Activity
All lines from the beginning of the listing through the line with "秦剛:如果美方不踩剎車,繼續" are to be copied word for word; the pictures are not.
(Input Opens)
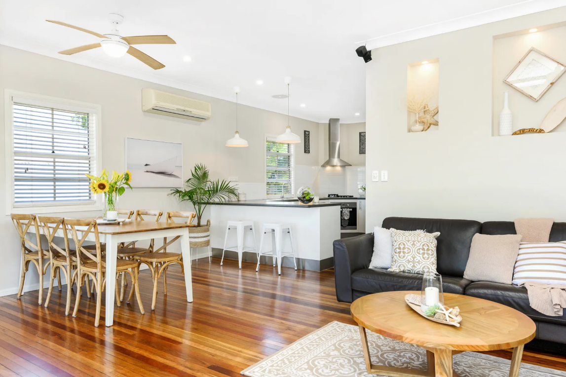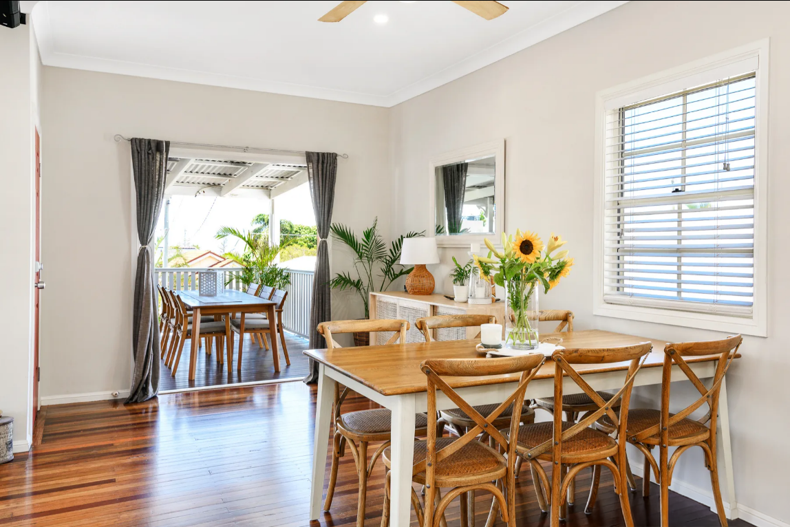 # Open-plan living and dining upstairs opening out to the expansive deck with bay breezes.
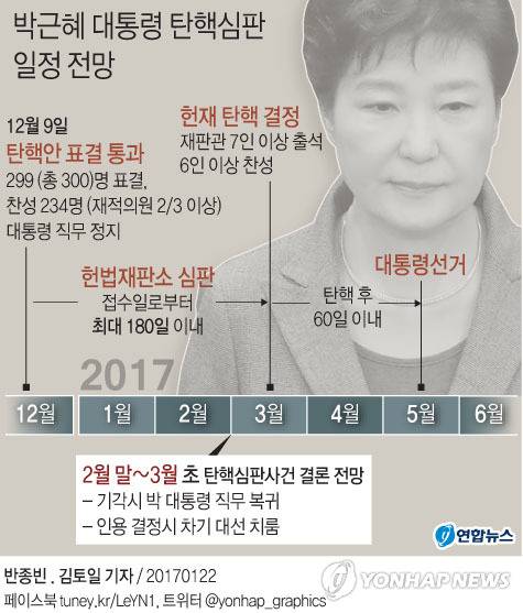 (서울=연합뉴스) 방현덕 기자 = 박근혜 대통령 탄핵심판 사건의 결론이 2월 말에서 3월 초 사이 나올 수 있다는 분석이 힘을 얻고 있다.
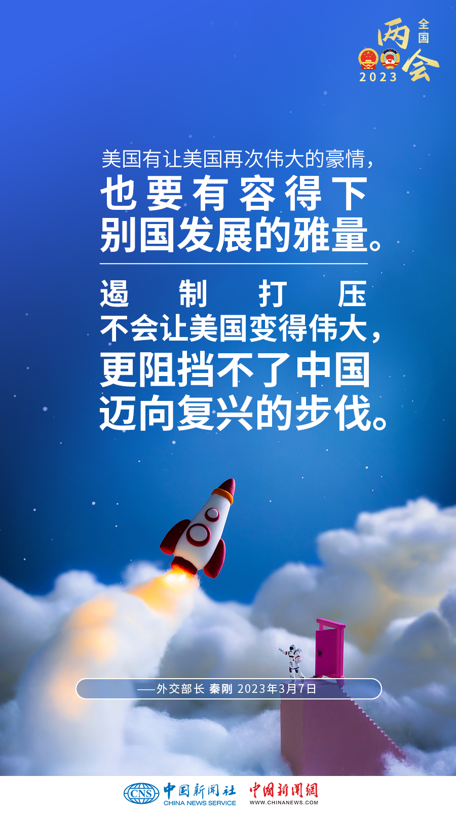 秦剛:如果美方不踩剎車,繼續(xù)沿著錯誤道路狂飆下去,再多的護欄也擋不住脫軌翻車,必然陷入沖突對抗。誰來承擔其災(zāi)難性的后果?!這樣的競爭,就是以兩國人民根本利益乃至人類前途命運為賭注的豪賭,中方當然堅決反對。美國有讓美國再次偉大的豪情,也要有容得下別國發(fā)展的雅量。遏制打壓不會讓美國變得偉大,更阻擋不了中國邁向復興的步伐。
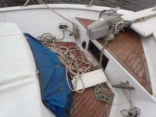 ◯船首側にはアンカーローラーが装備されています。また、アンカーローブは、青い袋に収納する様です。
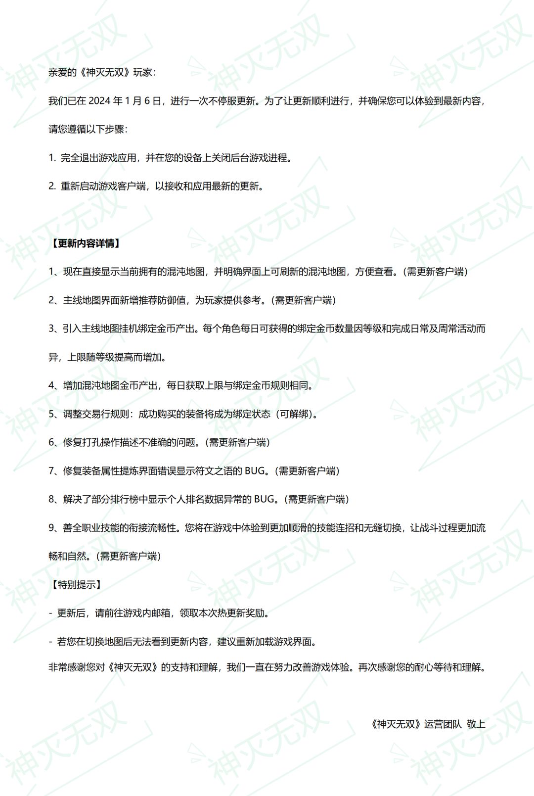 2024年1月6日不停服更新公告
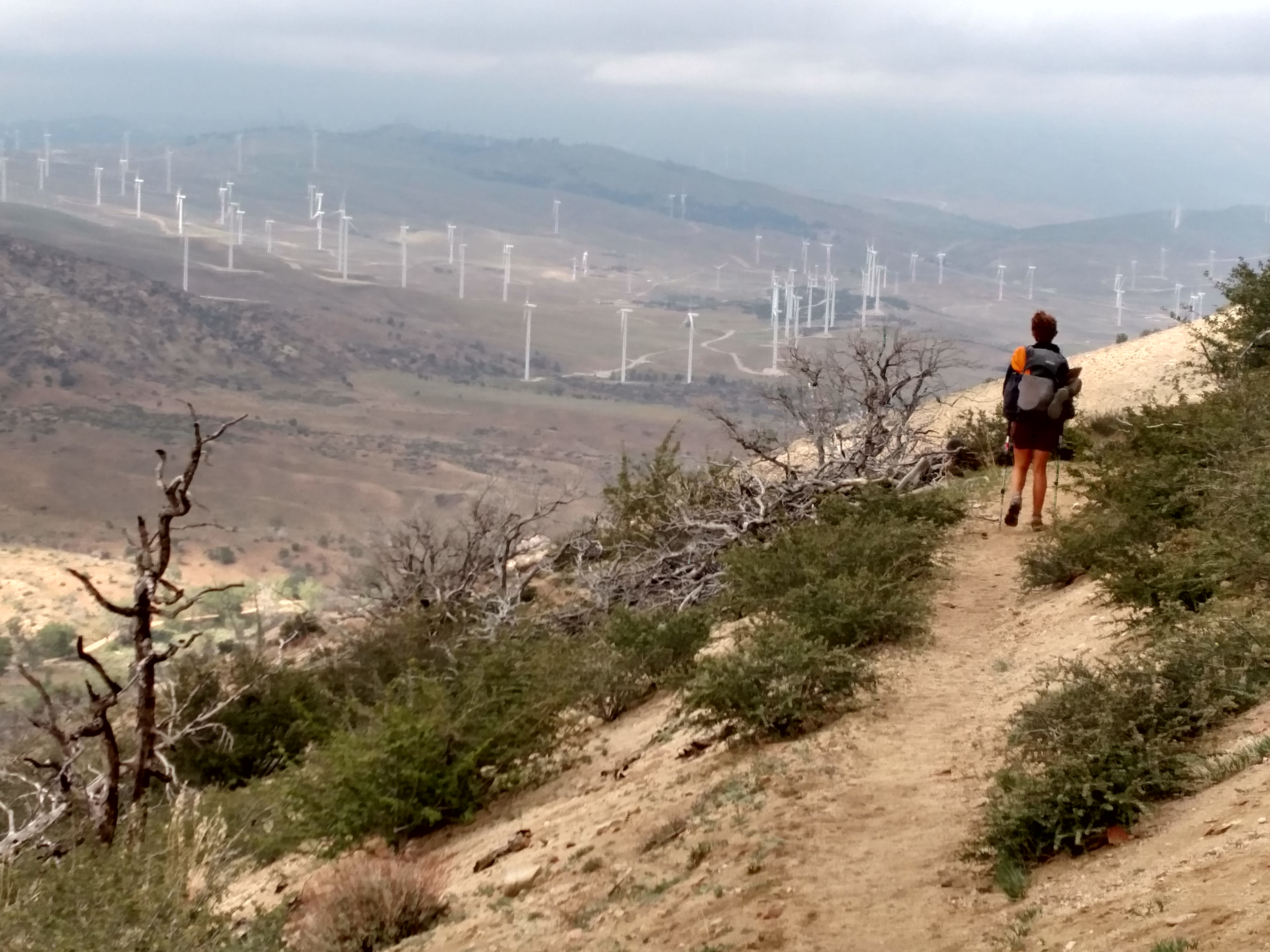 On our first night in the windmills we tried to push to a valley with water but it got dark and we camped in the middle of the windmill farm. The windmills have blinking red lights and I noticed while lying in the tent that there were occasional white flashes. I was wondering if it was a different kind of light from the windmills until I started hearing the thunder. Sitting in a tent on an exposed hillside during a lightning storm made for an interesting night of tense sleep as the inside of the tent was illuminated in flashes every few minutes.
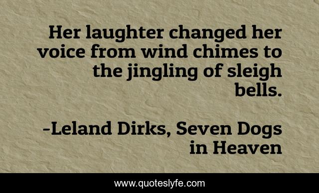 This page presents the quote "Her laughter changed her voice from wind chimes to the jingling of sleigh bells.". Author of this quote is Leland Dirks, Seven Dogs in Heaven. This quote is about voice, laughter, bells,.
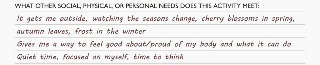 Here we want a quick summary of the things that make this activity enjoyable and fulfilling day-to-day. That will likely be a combination of enjoyable parts of the activity itself, other benefits it provides, and ways that it connects to the highlight experiences of the activity at its best.
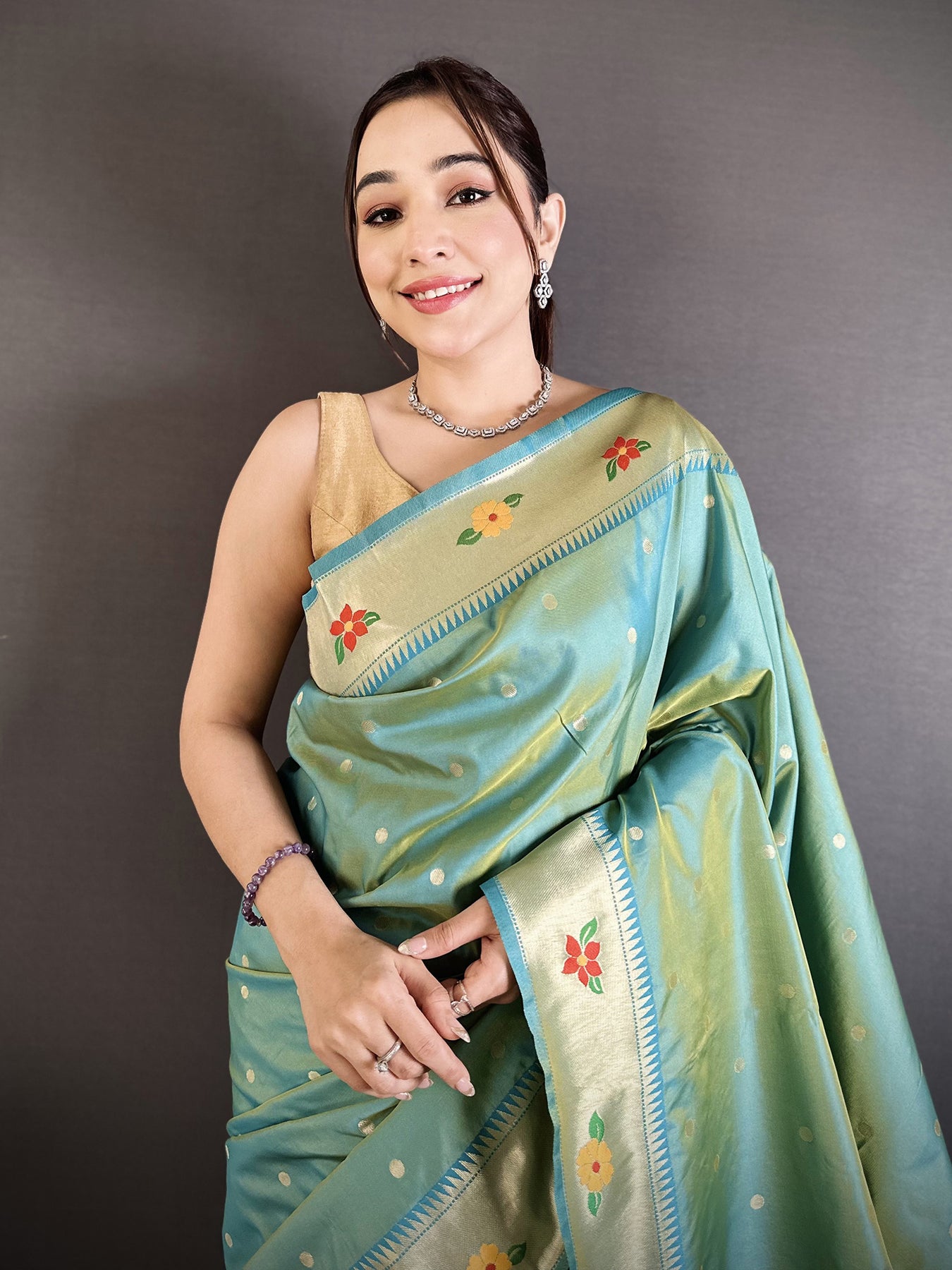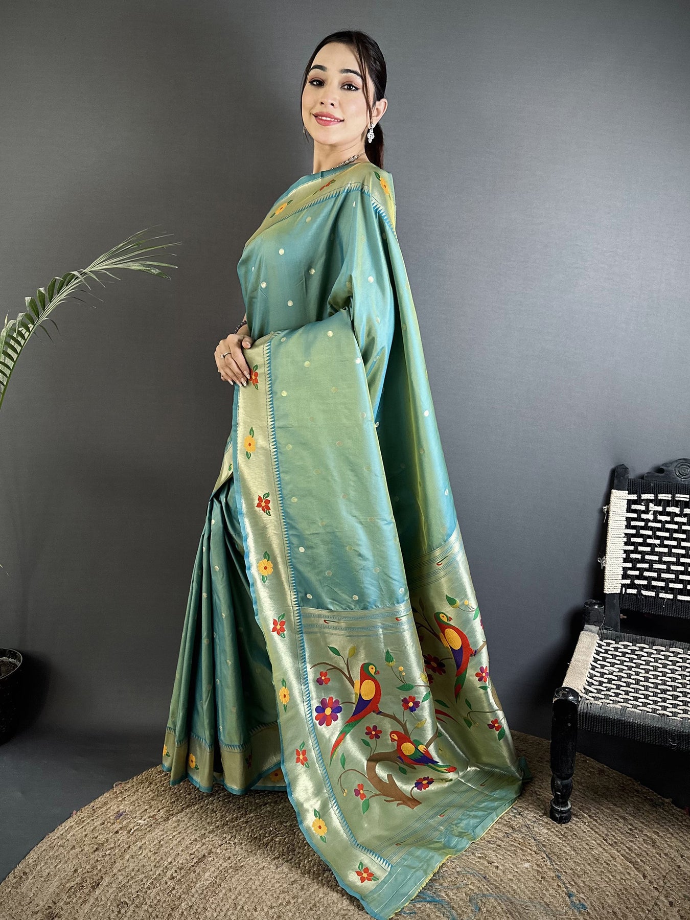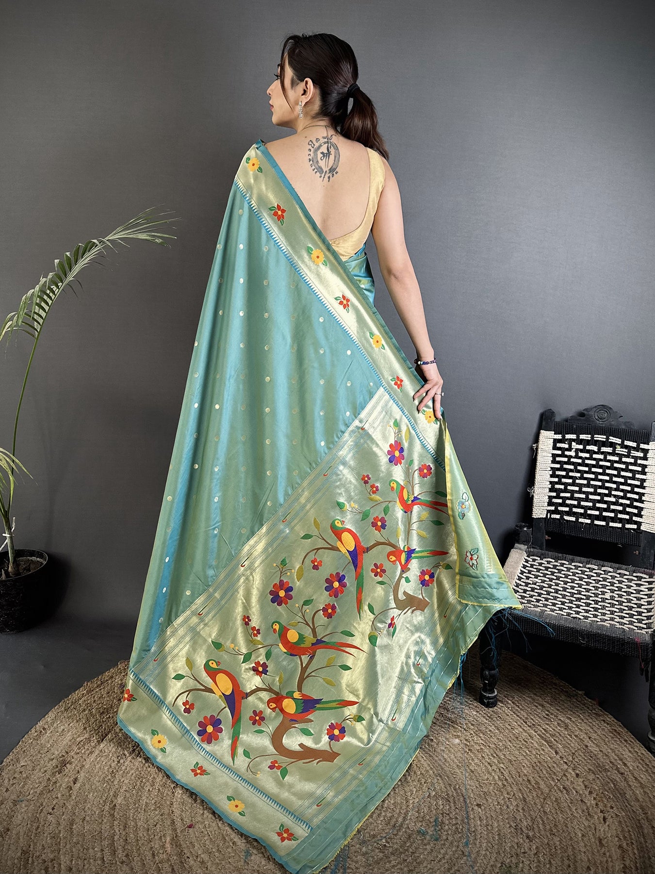 aqua blue Lichi Silk Parrot & Floral Woven Design Zari Weaving Paithani Saree
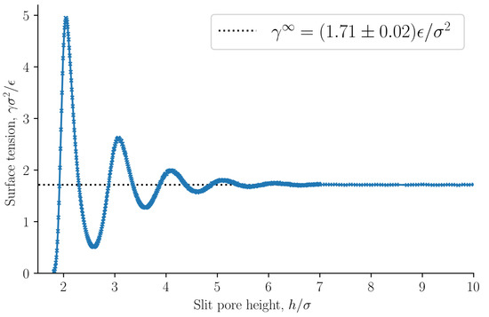 When and , it follows from Equation (8) that the integral and differential surface tensions are equal . The surface tension as a function of the slit pore height is presented in Figure 8, see Equation (33). The surface tension at infinite separation is computed as the average surface tension of the slit pore, with height , at which point the surface tension is independent of h.
(Input Closes)
Answer box
 # Open-plan living and dining upstairs opening out to the expansive deck with bay breezes.
 (서울=연합뉴스) 방현덕 기자 = 박근혜 대통령 탄핵심판 사건의 결론이 2월 말에서 3월 초 사이 나올 수 있다는 분석이 힘을 얻고 있다.
 秦剛:如果美方不踩剎車,繼續(xù)沿著錯誤道路狂飆下去,再多的護欄也擋不住脫軌翻車,必然陷入沖突對抗。誰來承擔其災(zāi)難性的后果?!這樣的競爭,就是以兩國人民根本利益乃至人類前途命運為賭注的豪賭,中方當然堅決反對。美國有讓美國再次偉大的豪情,也要有容得下別國發(fā)展的雅量。遏制打壓不會讓美國變得偉大,更阻擋不了中國邁向復興的步伐。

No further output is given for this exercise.